Canada thwarts terrorist train plot
Canadian authorities arrested two men for plotting to derail a passenger train.
TORONTO - Canadian police said on Monday they had arrested and charged two men with plotting to derail a Toronto passenger train.
They said the entire plot was backed by al Qaeda elements from Iran.
"Had this plot been carried out, it would have resulted in innocent people being killed or seriously injured," Royal Canadian Mounted Police official James Malizia told reporters.
The RCMP said it had arrested Chiheb Esseghaier, 30, of Montreal, and Raed Jaser, 35, of Toronto in connection with the plot, which authorities said was not linked to last week's Boston Marathon bombings.
Neither are Canadian citizens, and police did not reveal their nationalities.

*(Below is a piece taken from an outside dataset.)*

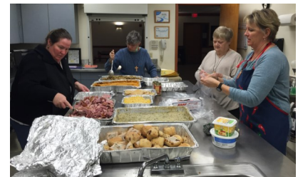
Making lunch at My Brother's Keeper in Irvington
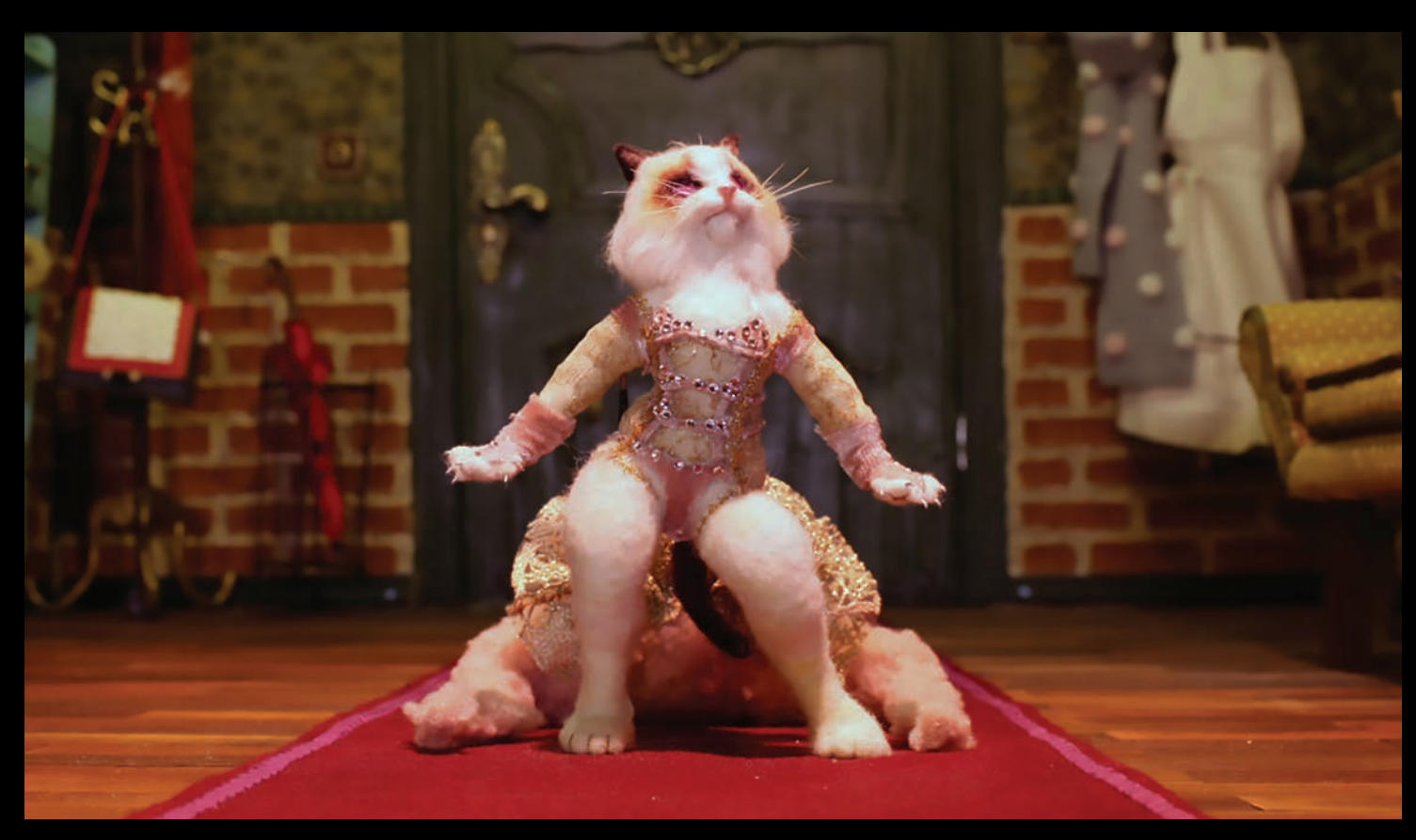
Jie Weng, still from The Quintet of the Sunset , 2019, stop-motion animated film

Two sources following the investigation said one of the two was Tunisian.
Canada's spy agency has long expressed concern about the possibility that disgruntled and radicalised Canadians could attack targets at home and abroad.
Police gave little detail about the alleged plotters, but said a tip from the Muslim community had helped their year-long investigation.

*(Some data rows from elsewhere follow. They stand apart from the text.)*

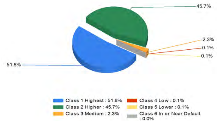
Distribution of bond classes
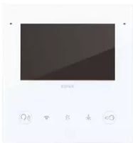
40515 - Tab5SUp video entryphone 2F+ Wi-Fi whit
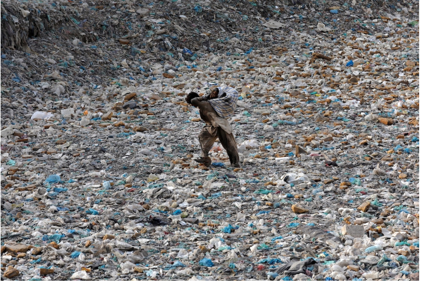
A boy carrying a sack of recyclables walks through trash in Karachi, Pakistan, June 4, 2020.
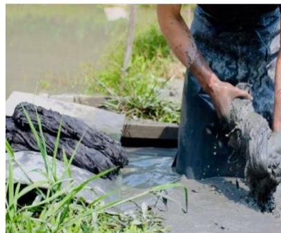
Day 14 Sunday
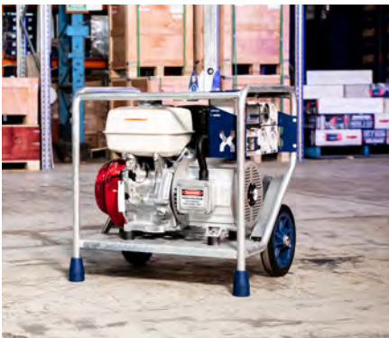
1. Power Generator 10 kVA
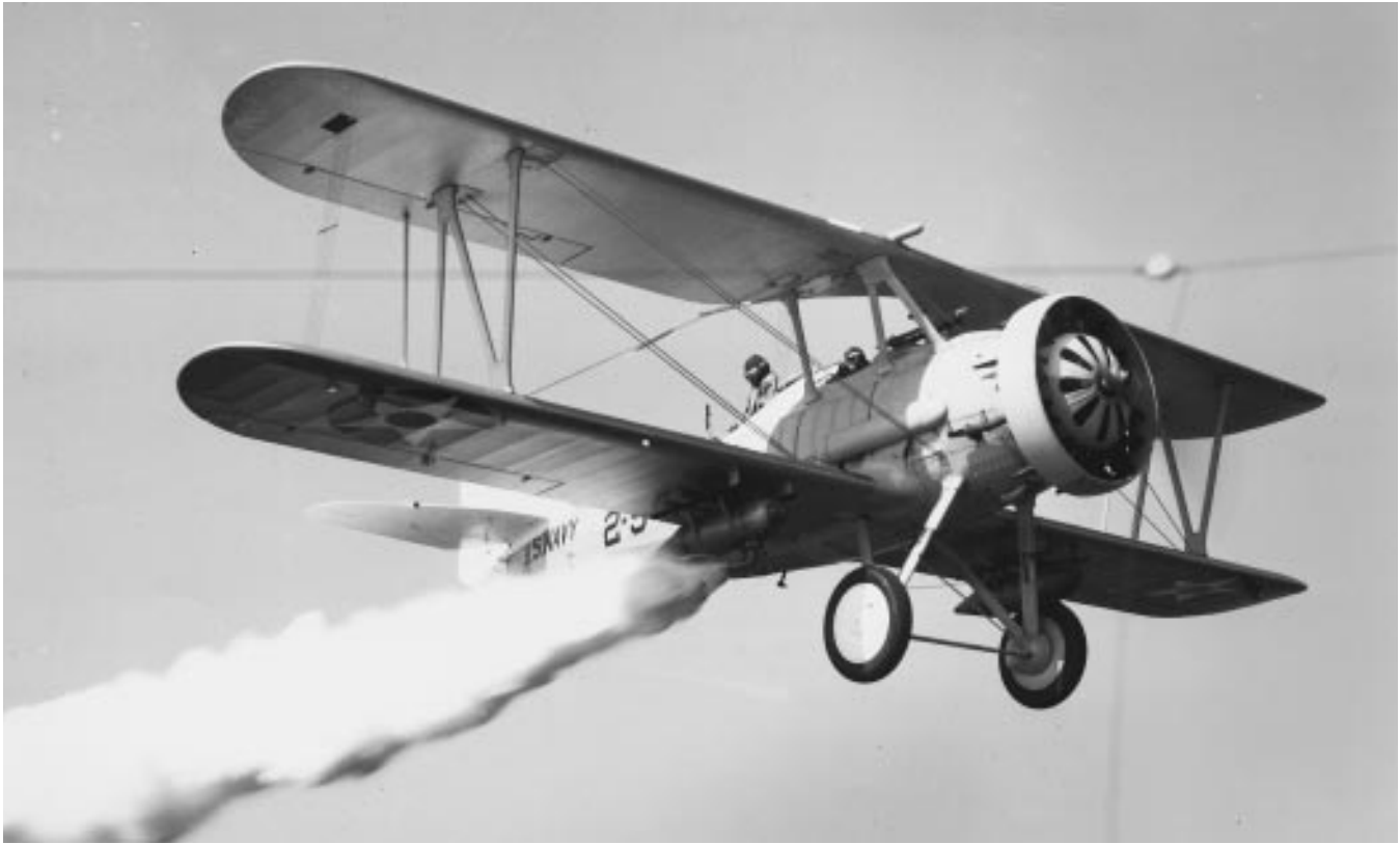
This is a close-up view of the squadron O2U laying a smoke screen.
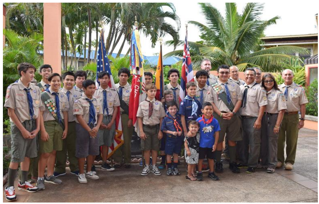
Our Boy Scouts and Cub Scouts
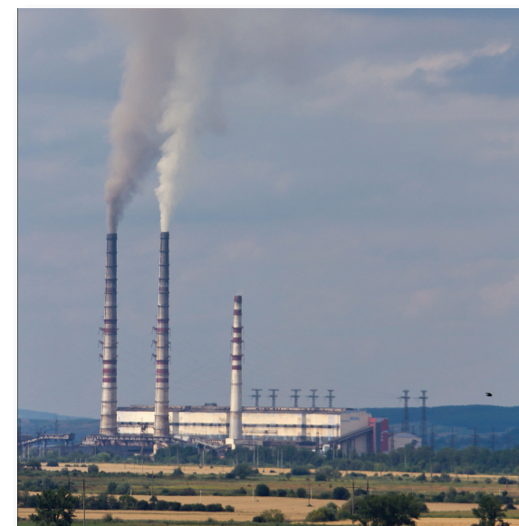
Coal-fired power plant Burshtyn TES, Ivano-Frankivsk Oblast, Ukraine.

"EPL's work to strengthen the rule of law in Ukraine is truly impressive," says Killian. "The EPL team works tirelessly to improve and enforce the law and to protect the climate."
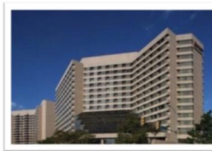
Crystal Gateway Marriott

Crystal Gateway Marriott 1700 Jefferson Davis Highway Arlington, VA 22202
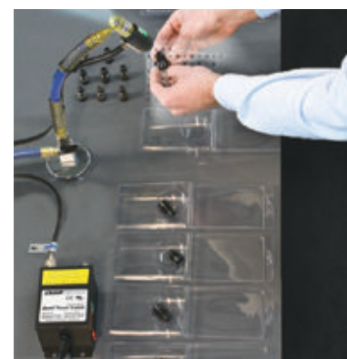
The Gen4 Model 8910 Instant Static Elimination Station removes contaminants on plastic fittings prior to packaging.

Esseghaier has been a doctoral student at the Institut National de la Recherche Scientifique near Montreal since 2010 and was about midway through his degree, the school said.
"He is doing a PhD in the field of energy and materials sciences," Julie Martineau, the school's director of communications, told Reuters.

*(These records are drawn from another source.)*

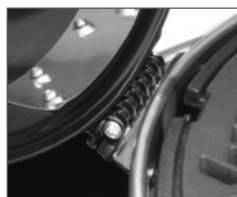
Ergonomic Hinged Lid
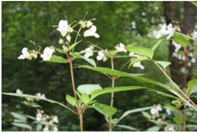
Invasive Species: Policeman's Helmet, Impatiens glandulifera

This plan provides a resource that is meant to guide the efforts of all agencies, neighbors, stewards, businesses and members of the greater community with an interest in improving conditions in the First Creek Watershed.
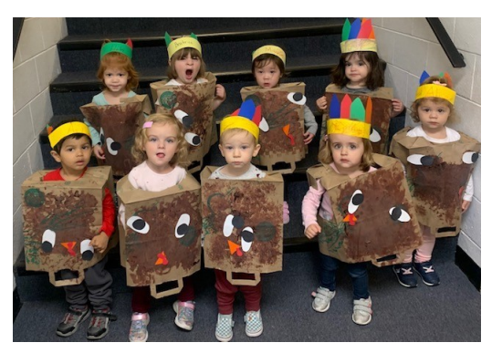
Centenary Early Learning Center's Pre-K students are ready for Thanksgiving!
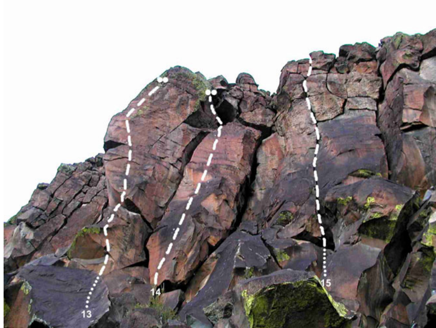
Figure 4: Gallow's Edge Upper Ledge
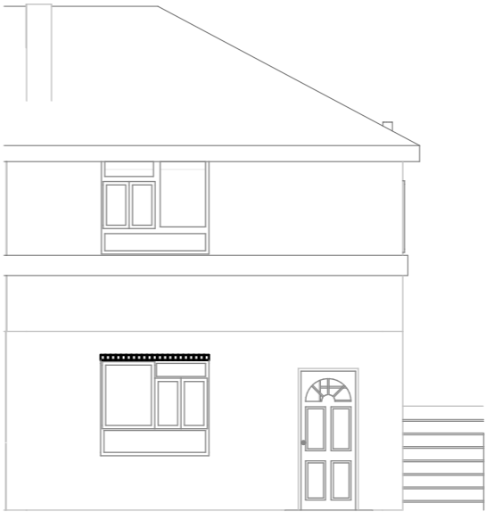
BVN.04.4 E-09 PROPOSED ELEVATION: WEST
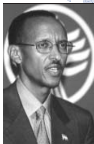
Left: Rwandan president Paul Kagame.

cut across national life—from government to private sector to civil society.
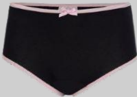
Girls - Brief

Age Group From 2-3 Years to 10 -12 Years
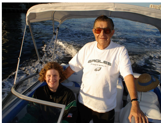
This is a photo of Dad, a die-hard Eagles fan, at the helm, teaching my son how to navigate!
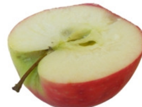
½ serve of fruit
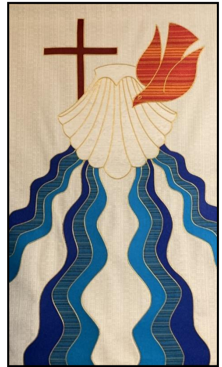
St. Paul's UCC's baptismal banner.

Naturally, water is a major symbol of baptism. The Holy Spirit, often represented as a descending dove, is also an essential element of baptism. Additionally, seashells (specifically scallops) are symbols of baptism. The symbol of the seashell has been associated with baptism since the first centuries CE; there are paintings on the walls of catacombs which depict people being baptized with water poured from a scallop shell. Because of its connection with baptism, the shell is also a symbol for John the Baptizer, as depicted in one of our faceted glass windows.

A bail hearing for the two will take place in Toronto on Tuesday morning.
Malizia said there was no indication that the planned attacks, which police described as the first known al Qaeda- backed plot on Canadian soil, was state-sponsored.
US officials said the attack would have targeted a rail line between New York and Toronto, a route that travels along the Hudson Valley into New York wine country and enters Canada near Niagara Falls.
The plot is one of a handful of terrorism-related investigations involving Canadians or Canadian residents.
Police said earlier this year that Canadians took part in an attack by militants on a gas plant in Algeria in January, while Canadian and Somalia authorities are investigating whether a former University of Toronto student participated in a bomb attack on Mogadishu last week.
And in 2006, police arrested and charged nearly 20 Toronto-area men accused of planning to plant bombs at various Canadian targets. Eleven were eventually convicted.
"Today's arrests demonstrate that terrorism continues to be a real threat to Canada," Public Safety Minister Vic Toews told reporters in Ottawa.
"Canada will not tolerate terrorist activity and we will not be used as a safe haven for terrorists or those who support terrorist activities."